Ansible: Automatic state
Before I set up VyOS, I had the urge to learn Ansible, as it should work perfectly with anything CLI. However, this was the reason why it took almost a month to set up my network. I had to learn Ansible, figure out its quirks, find out that VyOS collection was poorly written, and that I didn’t understand Ansible until I’ve tinkered with it for a long while.
But don’t get me wrong, Ansible is good. My first playbook made it possible to update all my services, no matter what package manager they have, nor where they are located. (apt/apk/pacman/dnf/zypper for package managers; VM/CT/bare for services) By then I only had manually set up my main account to have a key used for SSH. I later extended this into a bootstrap playbook that on some services created a new ansible user that only has a key for access and can only be reachable from the ansible container. Neat.
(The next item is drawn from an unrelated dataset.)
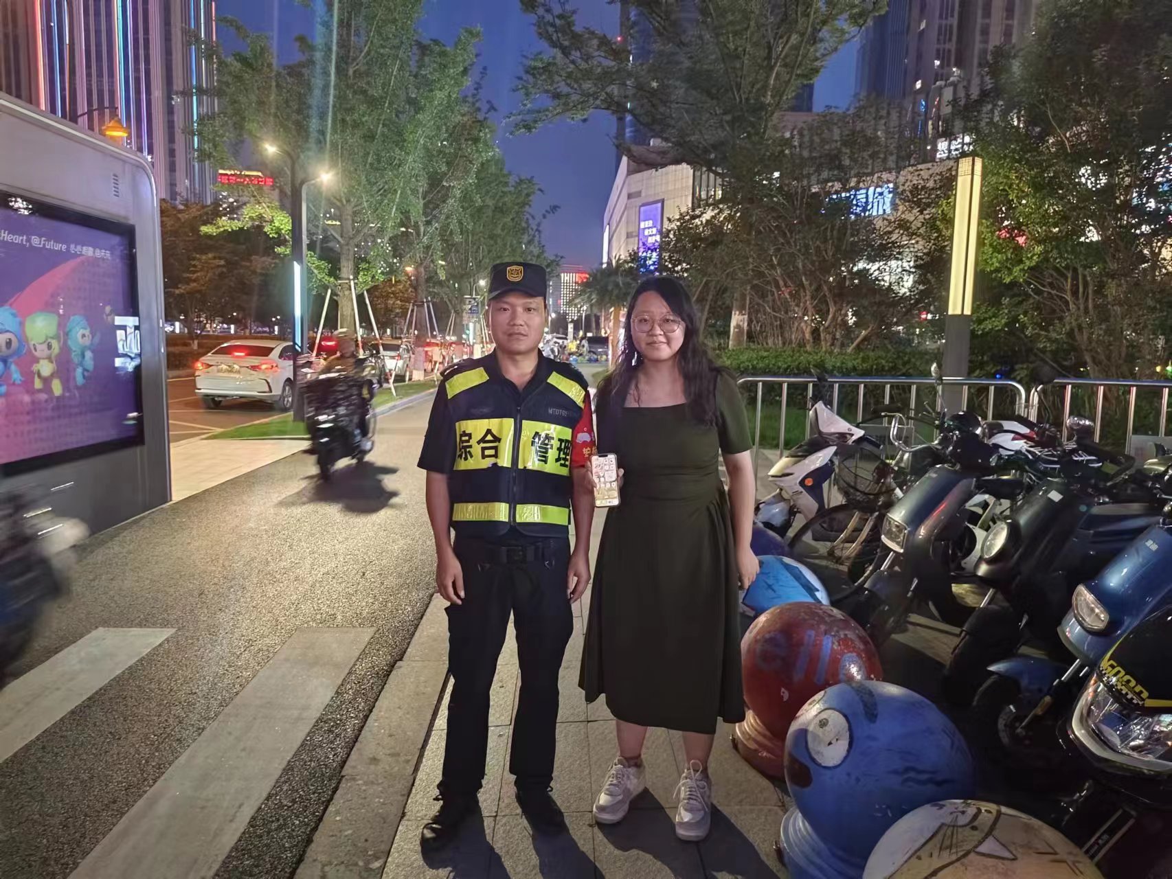 7月9日19:05,浙江民泰公司駐杭州市臨平區(qū)南苑市容項目員工楊飛在臨平地鐵站D口值勤時,撿到一部蘋果14手機,報告班組長后便在原地等待。約過了30多分鐘,一女子前來現(xiàn)場,來來回回察看,似乎在尋找什么東西。楊飛見狀主動上前,詢問并確認其是失主后,就把手機交還給了女子。女子拿著失而復得的手機,十分高興,再三向民泰員工道謝。

But before that bootstrap, I wanted to tinker more with my network, as that was a big thorn at my side, having several services (router; firewall; DNS; DHCP; port forwarding) that doesn’t know about each other, yet they should as they relate to each for the whole network to function properly. Luckily, VyOS had its own collection, but the sad part is that most functionality I use I had to manually configure anyway. I therefore made a jinja filter to convert yaml to VyOS config. Added all services, grouped them together into neat piles, and added specific information for each one of them. Finally I created three roles, one for the router, one for the piholes and finally one for prometheus. The router group would then generate configs for VyOS that related to routing, firewall, port forwarding and DHCP. The pihole included DNS, not only internal DNS, but also external for those services that is located on the intranet. Everything is then updated each time I run the playbook. The prometheus is just putting the hosts in config files for prometheus to parse.
While this took some time to set up, it makes it a lot easier to fix stuff in the future. The best part is that if I ever decide to move from one system to an another, I can either recreate all the things I did before, as the playbooks are basically documentation, but I can also easily switch to some other software if necessary. Ansible may have exclusive collections for a specific system, but as long as you got variables, and hosts, you can easily switch between them with less tinkering than one normally would.
For instance, I’m trying to set up a playbook that handles my web server in a smarter manner. This could reduce my previous 5 min adding a domain, to less than a minute. It’s also easier to verify that everything works with Ansible as well.
I’m still not done , though. Ansible got so much potential that it wont cover my whole infrastructure for an another year.